Data extracted from a collection:
[Start of section]

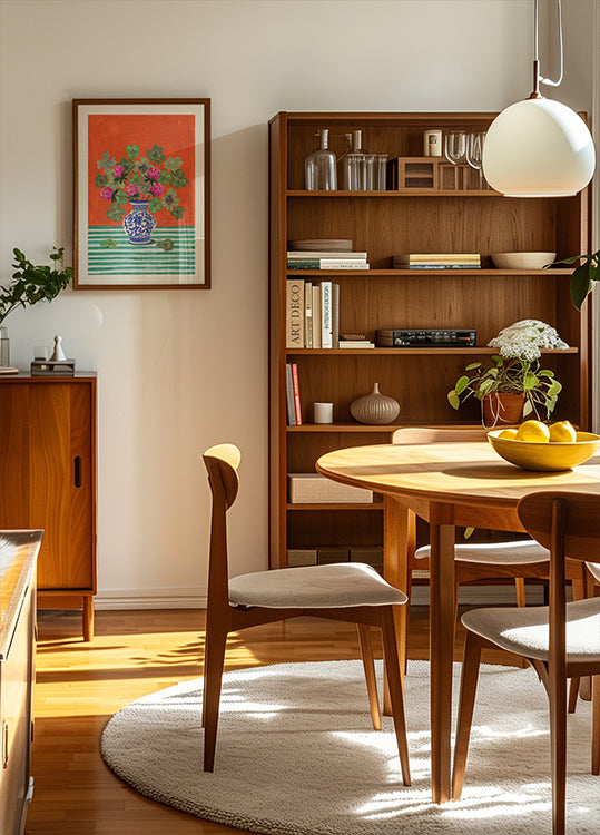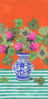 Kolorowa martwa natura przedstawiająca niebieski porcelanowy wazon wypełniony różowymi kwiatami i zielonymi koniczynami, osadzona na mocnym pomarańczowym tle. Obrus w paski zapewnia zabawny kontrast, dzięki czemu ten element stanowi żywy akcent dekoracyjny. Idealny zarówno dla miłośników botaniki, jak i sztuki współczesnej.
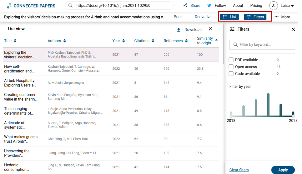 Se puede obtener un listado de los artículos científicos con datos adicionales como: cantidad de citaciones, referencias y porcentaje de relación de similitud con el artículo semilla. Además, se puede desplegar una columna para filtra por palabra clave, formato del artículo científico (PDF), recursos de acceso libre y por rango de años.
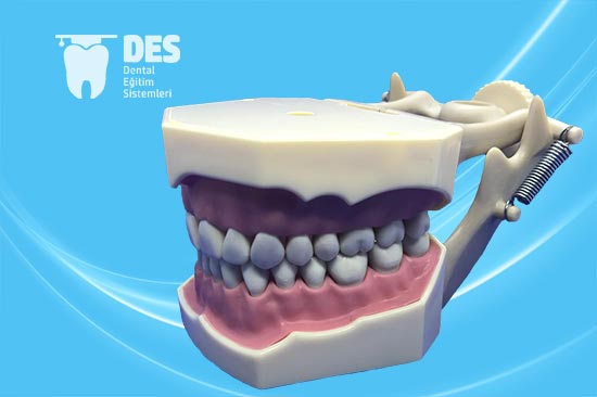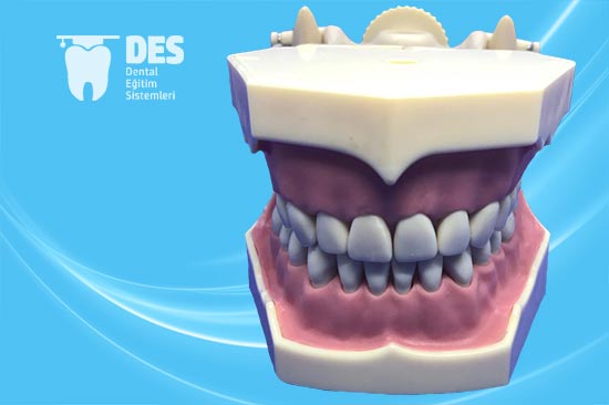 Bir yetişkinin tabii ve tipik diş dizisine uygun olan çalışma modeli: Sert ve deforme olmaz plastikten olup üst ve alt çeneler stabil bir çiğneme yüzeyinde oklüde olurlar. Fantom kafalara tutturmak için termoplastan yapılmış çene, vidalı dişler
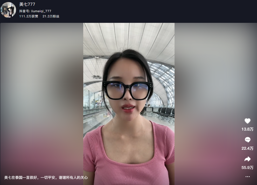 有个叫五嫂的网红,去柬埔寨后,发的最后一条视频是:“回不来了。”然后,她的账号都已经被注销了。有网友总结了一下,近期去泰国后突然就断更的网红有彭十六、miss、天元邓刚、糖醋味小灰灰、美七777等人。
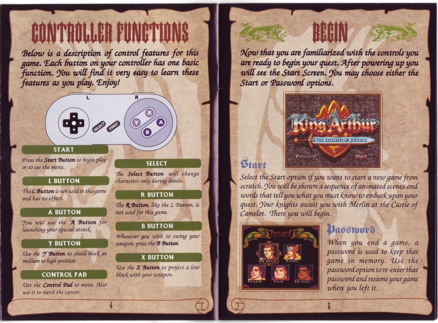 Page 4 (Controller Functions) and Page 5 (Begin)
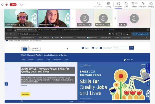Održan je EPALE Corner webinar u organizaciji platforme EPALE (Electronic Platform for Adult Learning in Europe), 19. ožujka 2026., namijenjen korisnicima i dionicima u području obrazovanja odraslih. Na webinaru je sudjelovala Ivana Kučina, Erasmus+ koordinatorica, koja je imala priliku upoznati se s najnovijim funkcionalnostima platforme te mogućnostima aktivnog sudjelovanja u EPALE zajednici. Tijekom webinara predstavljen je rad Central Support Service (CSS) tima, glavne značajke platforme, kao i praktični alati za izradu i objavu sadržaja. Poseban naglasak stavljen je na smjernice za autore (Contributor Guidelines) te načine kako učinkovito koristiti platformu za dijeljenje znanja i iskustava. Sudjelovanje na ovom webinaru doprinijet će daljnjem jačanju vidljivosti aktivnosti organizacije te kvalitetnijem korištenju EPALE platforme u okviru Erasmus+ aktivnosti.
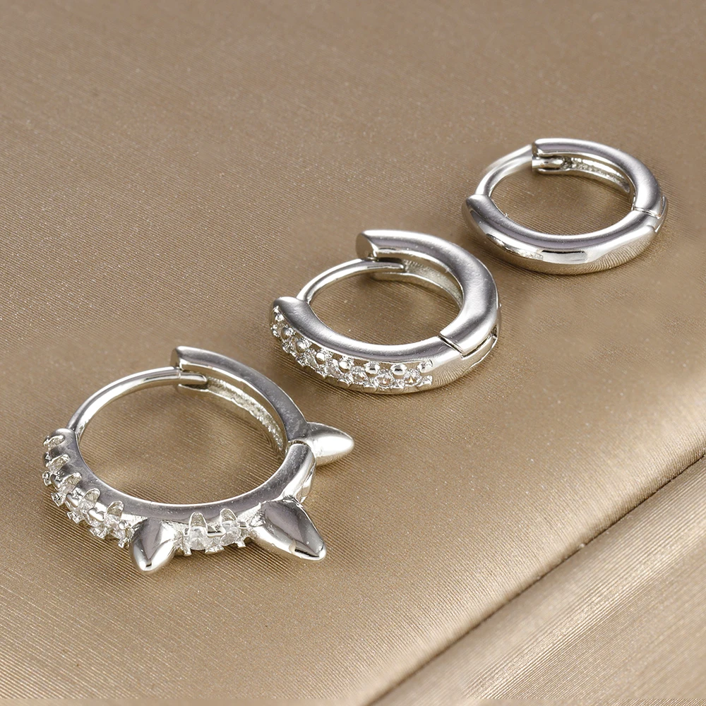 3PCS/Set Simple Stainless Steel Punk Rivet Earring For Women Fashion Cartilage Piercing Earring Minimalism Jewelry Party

[End of section]

### ASSIGNMENT
An exact transcription of all the entries is required, without the pictures.

### RESULT OF THIS EXERCISE
 Kolorowa martwa natura przedstawiająca niebieski porcelanowy wazon wypełniony różowymi kwiatami i zielonymi koniczynami, osadzona na mocnym pomarańczowym tle. Obrus w paski zapewnia zabawny kontrast, dzięki czemu ten element stanowi żywy akcent dekoracyjny. Idealny zarówno dla miłośników botaniki, jak i sztuki współczesnej.
 Se puede obtener un listado de los artículos científicos con datos adicionales como: cantidad de citaciones, referencias y porcentaje de relación de similitud con el artículo semilla. Además, se puede desplegar una columna para filtra por palabra clave, formato del artículo científico (PDF), recursos de acceso libre y por rango de años.
 Bir yetişkinin tabii ve tipik diş dizisine uygun olan çalışma modeli: Sert ve deforme olmaz plastikten olup üst ve alt çeneler stabil bir çiğneme yüzeyinde oklüde olurlar. Fantom kafalara tutturmak için termoplastan yapılmış çene, vidalı dişler
 有个叫五嫂的网红,去柬埔寨后,发的最后一条视频是:“回不来了。”然后,她的账号都已经被注销了。有网友总结了一下,近期去泰国后突然就断更的网红有彭十六、miss、天元邓刚、糖醋味小灰灰、美七777等人。
 Page 4 (Controller Functions) and Page 5 (Begin)
Održan je EPALE Corner webinar u organizaciji platforme EPALE (Electronic Platform for Adult Learning in Europe), 19. ožujka 2026., namijenjen korisnicima i dionicima u području obrazovanja odraslih. Na webinaru je sudjelovala Ivana Kučina, Erasmus+ koordinatorica, koja je imala priliku upoznati se s najnovijim funkcionalnostima platforme te mogućnostima aktivnog sudjelovanja u EPALE zajednici. Tijekom webinara predstavljen je rad Central Support Service (CSS) tima, glavne značajke platforme, kao i praktični alati za izradu i objavu sadržaja. Poseban naglasak stavljen je na smjernice za autore (Contributor Guidelines) te načine kako učinkovito koristiti platformu za dijeljenje znanja i iskustava. Sudjelovanje na ovom webinaru doprinijet će daljnjem jačanju vidljivosti aktivnosti organizacije te kvalitetnijem korištenju EPALE platforme u okviru Erasmus+ aktivnosti.
 3PCS/Set Simple Stainless Steel Punk Rivet Earring For Women Fashion Cartilage Piercing Earring Minimalism Jewelry Party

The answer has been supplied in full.